4. What is the highest standing a med tech can achieve (QL wise ) and what type of protocols can these guys do? Also how can I prepare myself mentally for these courses?

Highest med tech qualification is QL 6 or Sgts course. Protocols et all, for Sgts are same as QL 5 Med techs. The only difference is I have more freedom in courses of action then Cpls would have, because of experience, for instance I can send people for Xray, physio, and perscribe Rx med with my MO's permission. Also at my level, I am training for PA so they expect me to think clinically, not just monkey medicine protocol based medicine.
After that you will course loaded onto your Physician Assistants course. it is 2 yrs long and allows you to do allot.

Don't worry about preparing yourself, you'll have time over your career. After your QL3, it is my job as a supervisor to prepare you for them.
 
Adam - you mentioned you were a QL3 medic for 6 years? I am a bit confused by this, for sqn_medic mentioned that you go on to do your QL4 right after QL3? Is QL progression not the same for everyone
 
Future Prodigy said:
Adam - you mentioned you were a QL3 medic for 6 years?

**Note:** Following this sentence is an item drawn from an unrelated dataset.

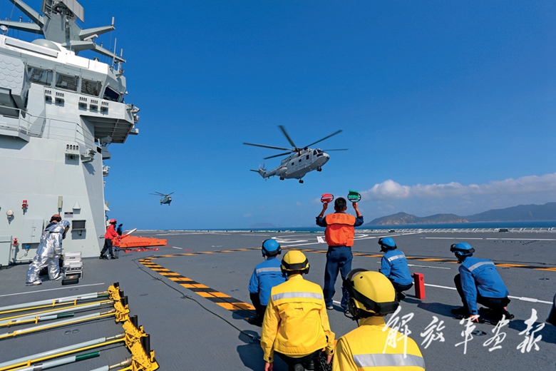 檢驗成果那天,多批多架次艦載直升機從海南艦甲板上騰空而起,標(biāo)志著海南艦初步形成垂直投送能力。

I am a bit confused by this, for sqn_medic mentioned that you go on to do your QL4 right after QL3? Is QL progression not the same for everyone

Reserve medic is a bit different from Reg Force medic due to time constraints for the most part.  The Res QL3 and 4 is equivalent to the Reg Force QL3.  There 4s is the clinical portion of the Reg Force 3s.

Depending on civvie availability a Res medic can go a while before his 4s if he is unavailable for the course during the periods that it is being run.  Typically I believe the course is only run a couple times a year and that is during the summer.

DM
 
DiverMedic said:
The Res QL3 and 4 is equivalent to the Reg Force QL3.

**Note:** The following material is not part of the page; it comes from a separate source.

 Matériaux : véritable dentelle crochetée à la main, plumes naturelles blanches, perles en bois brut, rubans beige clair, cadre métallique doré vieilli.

Really?  I wonder why we had a ResF (Army) QL6A medic in Petawawa one summer who was not allowed to see patients on his own.

If I'm not mistaken, only Air Reserves courses are equivalent to the RegF because they are RegF courses.
 
PMedMoe said:
Really?  I wonder why we had a ResF (Army) QL6A medic in Petawawa one summer who was not allowed to see patients on his own.

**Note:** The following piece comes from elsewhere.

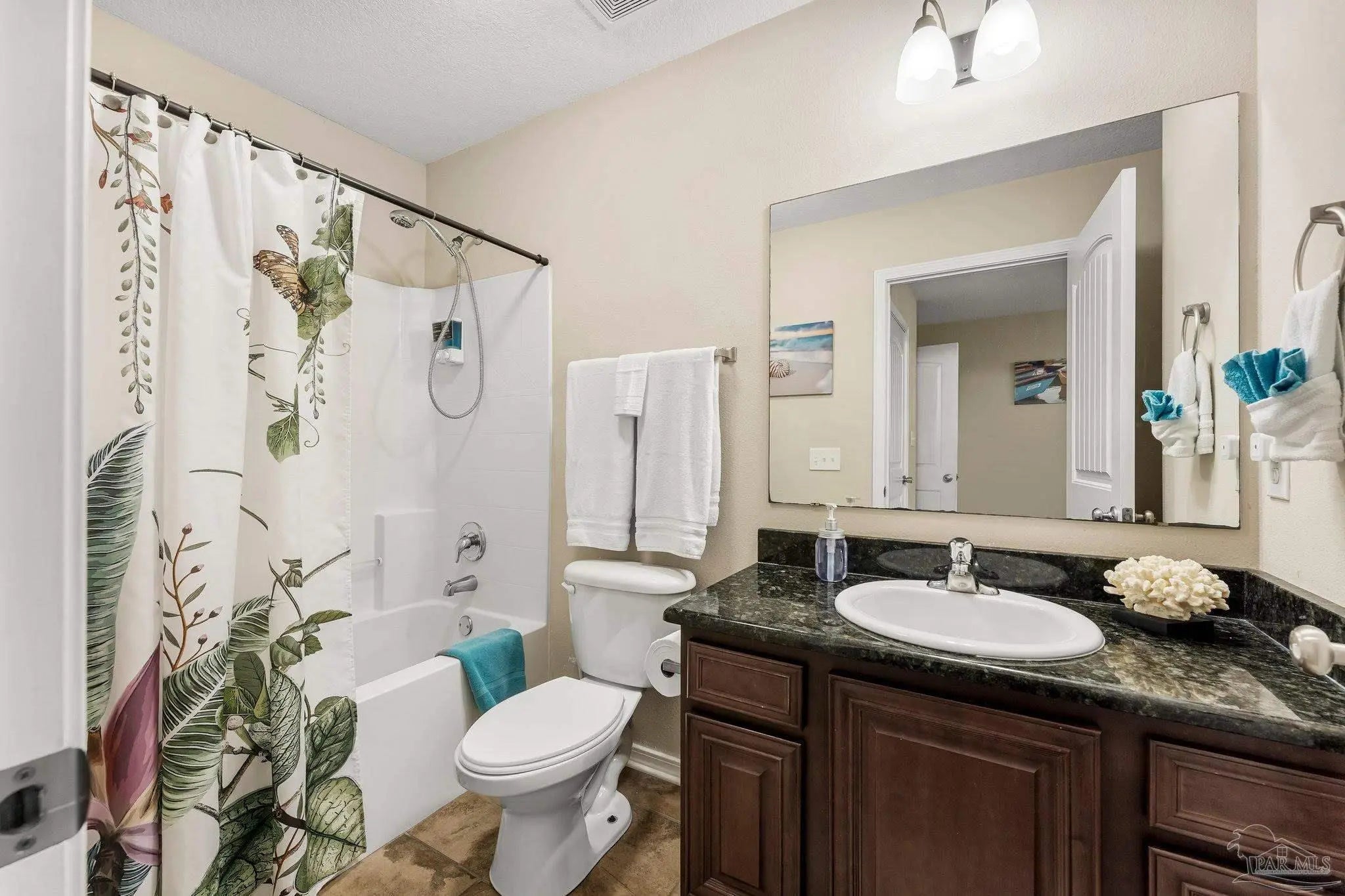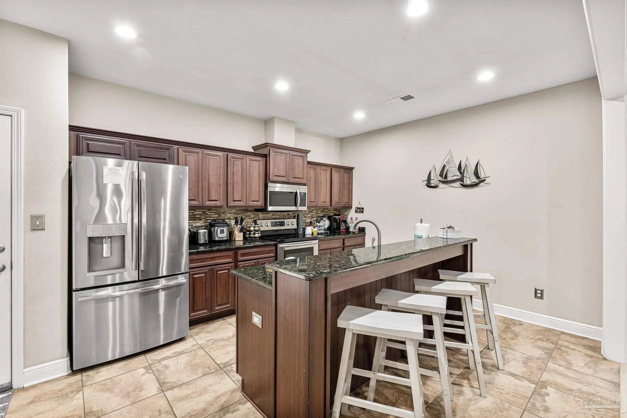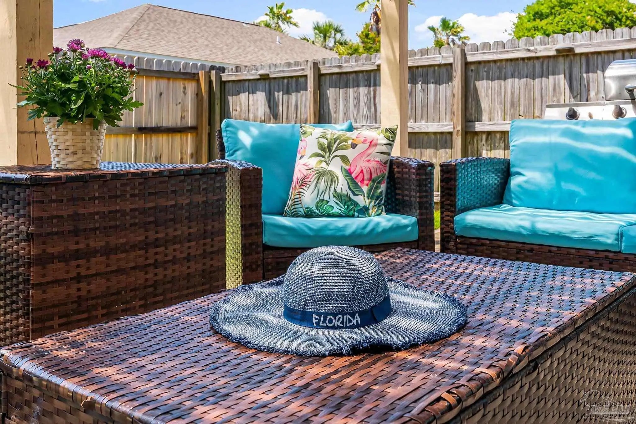 Soundside living just minutes from the white sandy beaches of Navarre Beach. Located in the waterfront community of Soundside Moorings, this fully furnished, turnkey home offers the perfect blend of coastal lifestyle and everyday comfort. Enjoy access to the Santa Rosa Sound with common areas ideal for relaxing, picnicking, or soaking in the coastal breeze. Inside, the open and split floor plan features 9 ft ceilings and brand new luxury vinyl plank flooring in the main living areas. The kitchen includes granite countertops, stainless steel appliances, and ample cabinetry, making it both functional and inviting for everyday living or entertaining. The spacious primary suite offers tray ceilings, a large walk-in closet, and an en suite bath with granite counters, a double vanity, soaking tub, and separate shower. Upstairs, additional bedrooms provide flexible space, including a guest suite with its own private bath. Step outside to a beautiful backyard with a pergola, perfect for summer evenings, grilling, or unwinding after a day at the beach. Flood Zone X. Conveniently located near Navarre Beach, Hurlburt Field, shopping, dining, and all that the Emerald Coast has to offer.

If I'm not mistaken, only Air Reserves courses are equivalent to the RegF because they are RegF courses.

I have no idea what the story was behind him.  There may have been more to it than simple lack of QL.

I have not actually taken the Res QL4.  The only reason I know this is cause some friends did do it last summer and both my driver and Crew Commander of my Bison are Res QL6.  The differences in the training was something that we discussed a fair bit while in Texas.

DM
 
Just a quick addition to my previous.  One of the guys that CT'd from RES to REG medic did not have his QL4.  He was required (from Ottawa) to write a Prior Learning Assessment test and to have a staff teach him everything from the QL4 prior to being allowed to due the JIBC PCP portion.

DM
 
Well, I guess things have changed.  I always thought that the Army Res training was not the same as Reg.
I guess you learn something new everyday.  :)
 
I had a quick look into it.  QL4 is also called enhancement training and covers the clinical portion of the REG 3s.  Apparently it is something relatively new and therefore your 6 may not have had the course yet which is why he wasn't able to see patients on his own.